Но на магазине висел замок. А какой же праздник, если магазин закрыт? Никакого бы праздника в Медвежьих Сопках не получилось, если б положение не спасла Гиуне.
Дело в том, что у Гиуне были ключи. Ключи от базы, где лежали все товары, все продукты и напитки. Правда, они принадлежали не Гиуне, а новому заведующему базой Иванову, который только-только принял базу и временно поселился у Гиуне, так как семья у нее малая, а дом большой. Но теперь хозяйкой ключей могла стать и Гиуне, потому что ключи лежали в ее доме, на кровати Иванова, под его подушкой, а Иванов вместе с Калянто, с Нутенеут, с фельдшером Павловым и его женой, продавщицей и завмагом, уехал в район.
Гиуне сбегала за ключами, склад открыли. Позже вспоминали, что как раз в ту минуту возле Гиуне очутился Пепеу с окровавленным лицом и руками, точно после страшной битвы. Пепеу с Гиуне принялись за дело: отпускали спирт и закуски (всем поровну и по второму разу не давали). Потом базу открывали вечером, утром и снова вечером.

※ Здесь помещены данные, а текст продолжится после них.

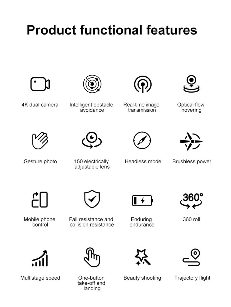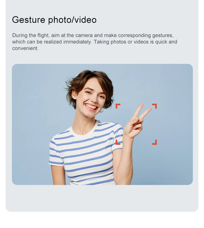 APP FunctionsGesture photography, video recording, headless mode, emergency stop, trajectory flight, gravity sensing, music, 50x zoom, automatic photography
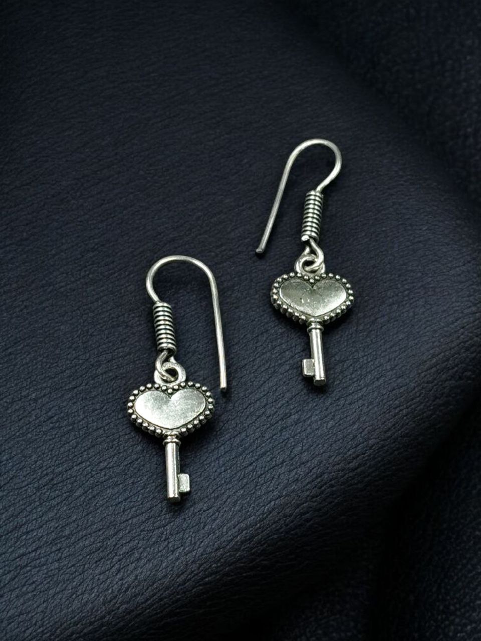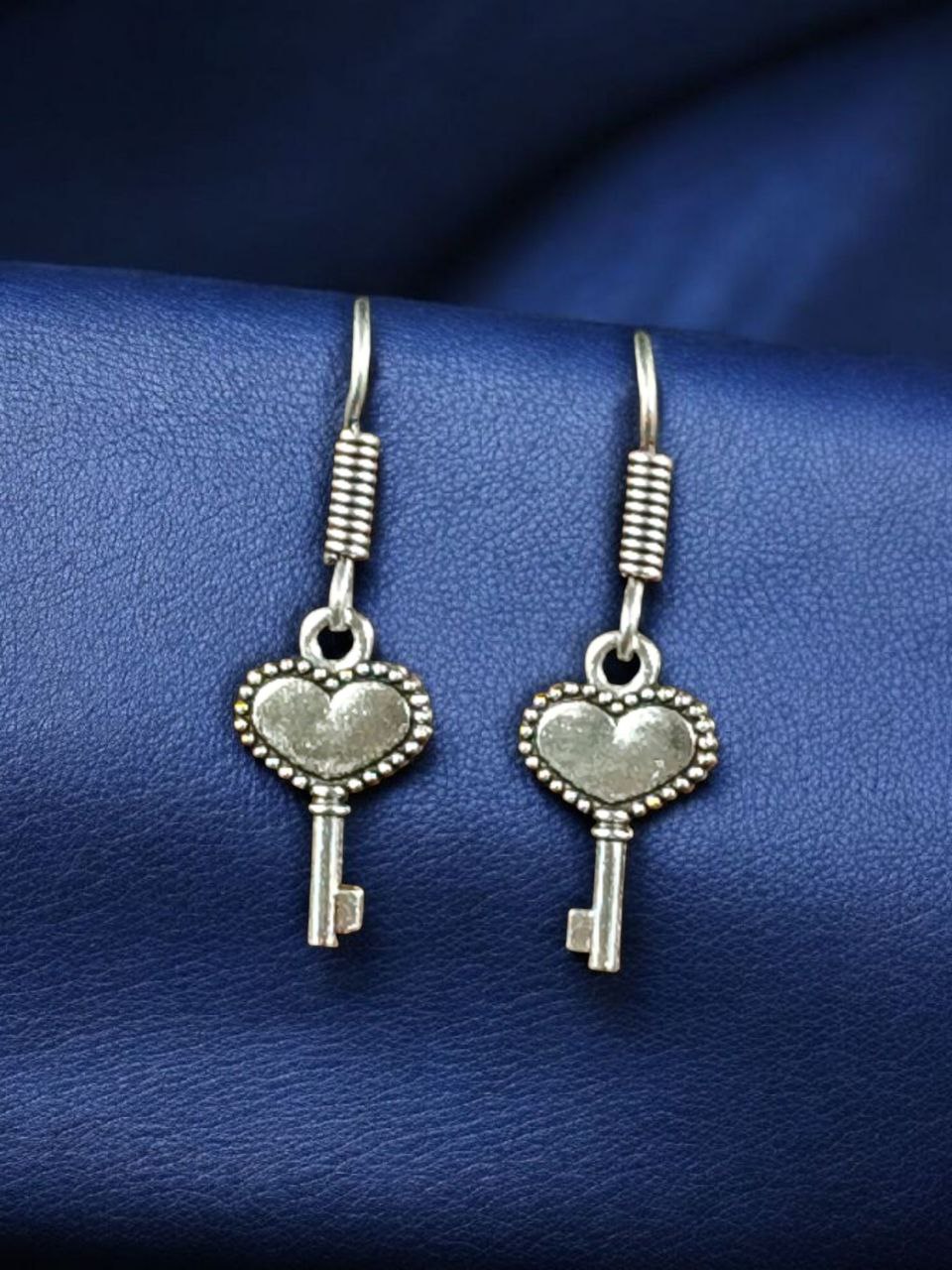 Each pair is meticulously handmade by skilled artisans, showcasing intricate oxidized detailing that gives the earrings a rich antique finish. The heart and key charm hangs gracefully from a sturdy hook design, ensuring comfort and ease of wear throughout the day. The fine German silver material gives these earrings a polished yet rustic look, making them lightweight, durable, and perfect for daily wear.

Когда руководство вернулось из района, веселье было в разгаре, и происходило это коллективное выпивание и закусывание не где попало, а в сельском клубе.
После праздника уже руководителям района пришлось ехать в село. Недостача на складе составила десять тысяч рублей. Гиуне вызвали в контору на беседу с Барыгиным. Но ее не очень-то винили: что возьмешь с неграмотной женщины? Виновата не Гиуне, а ее проклятое прошлое.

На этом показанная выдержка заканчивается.